Rebroadcast Author Talk: Historical Fiction The RopeThursday June 17, 2021
Please join us for an encore presentation of Author Talk with Alex Tresniowski (originally aired earlier this month)
The Rope: A True Story of Murder, Heroism, and the Dawn of the NAACP by The New York Times bestselling author Alex Tresniowski
In the tranquil, segregated town of Asbury Park, New Jersey, in November, 1910, a ten-year-old schoolgirl Marie Smith is brutally murdered. A black handyman and ex-boxer named Tom Williams is arrested for the crime, and quickly presumed guilty by the white mob that gathers around the town jail, ready for a lynching. But did Tom Williams really do it?
Occurring halfway between the end of the Civil War in 1865 and the formal beginning of the Civil Rights Movement in 1954, the Tom Williams case became only the third legal case ever handled by a new civil rights organization christened just one year earlier—the National Association for the Advancement of Colored People, or the NAACP. The Marie Smith murder sits at the historic intersection of sweeping national forces—religious extremism, class struggle, the infancy of criminal forensics, and America’s Jim Crow racial violence.
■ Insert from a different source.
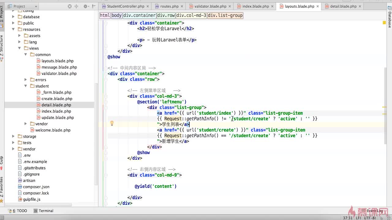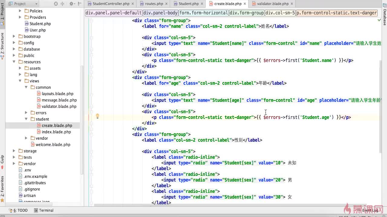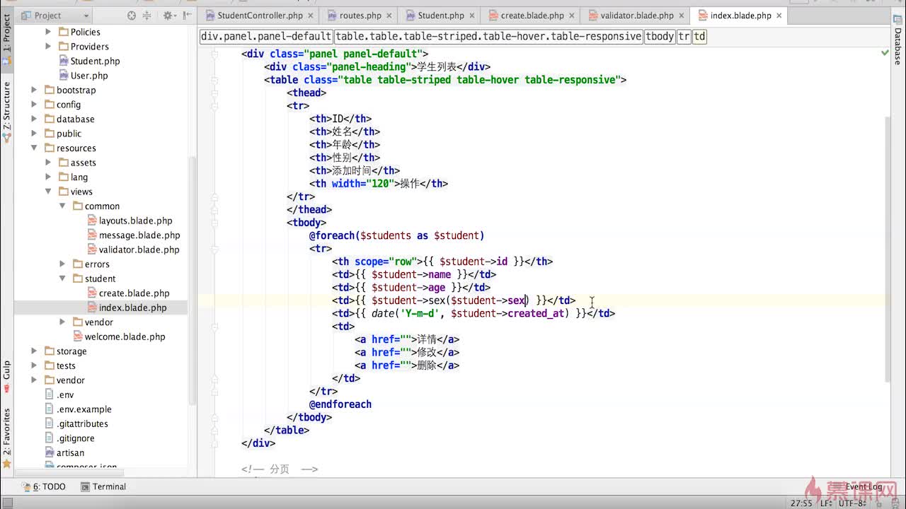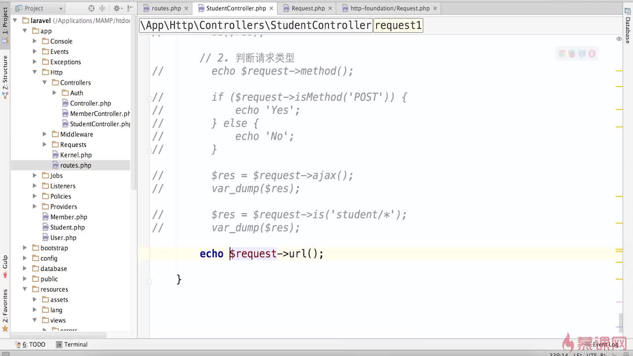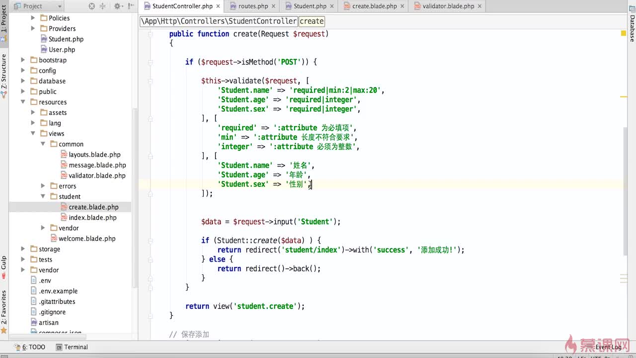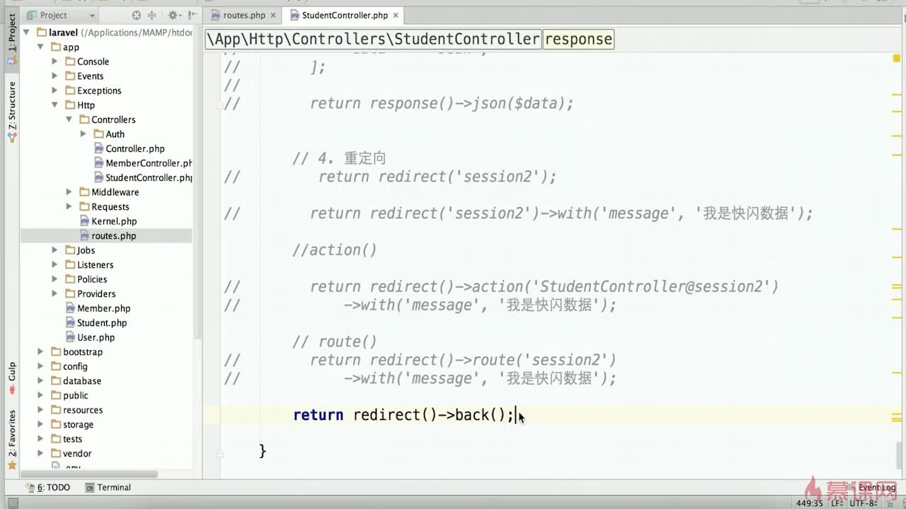 响应类型: 字符串 :直接return 视图:return view(); json:return response()->json() 重定向:return redirect()->with()带数据跳转 return redirect()->action()->with()带数据跳转至某控制方法 return redirect()->route(路由别名)->with()带数据跳转至某路由 return redirect()->back()->with() 带数据跳转至上一个页面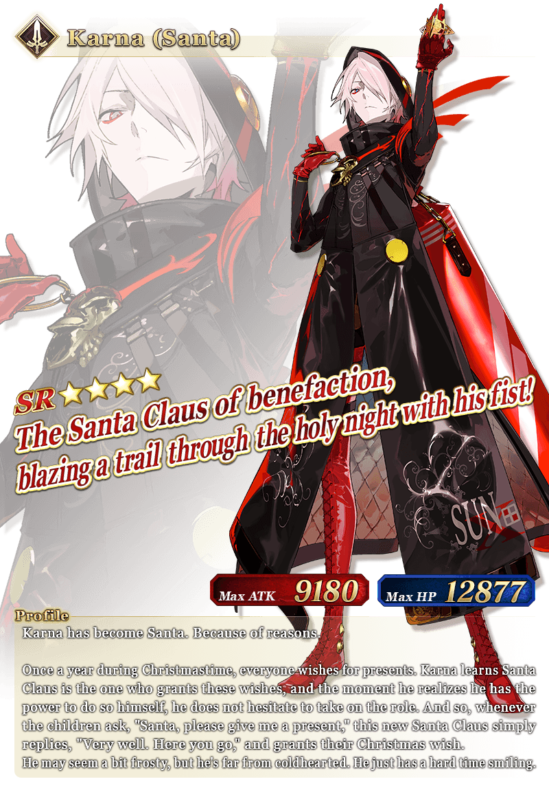 * The battle sprite for ★4 (SR) Karna (Santa) will not change with Ascension.

The Rope also tells the story of Ida. B. Wells, the pioneering journalist, political activist and public speaker whose bravery and persistence led directly to the creation of the NAACP. The book traces of Wells' investigation of one lynching—and dramatic, last-second prevention of another—stirred the forces that ultimately produced the most powerful civil rights organization in the world.
History and true crime collide in a murder mystery that features characters as complex and colorful as those found in the best psychological thrillers—the unconventional truth-seeking detective Ray Schindler; the sinister pedophile Frank Heidemann; the ambitious Asbury Park Sheriff Clarence Hetrick; the mysterious “sting artist,” Carl Neumeister; and the victim, Marie Smith, who represented all the innocent, vulnerable children living in turn-of-the-century America.
Gripping and powerful, The Rope is an important piece of history that gives a voice to the voiceless and resurrects a long-forgotten true crime story that speaks to the very divisions tearing at the nation’s fabric today
Alex Tresniowski was a writer for both Time and People magazines, handling mostly human-interest stories. He is the author or coauthor of more than twenty books, including the 2005 true-crime thriller The Vendetta, which was used as a basis for the 2009 Johnny Depp movie Public Enemies.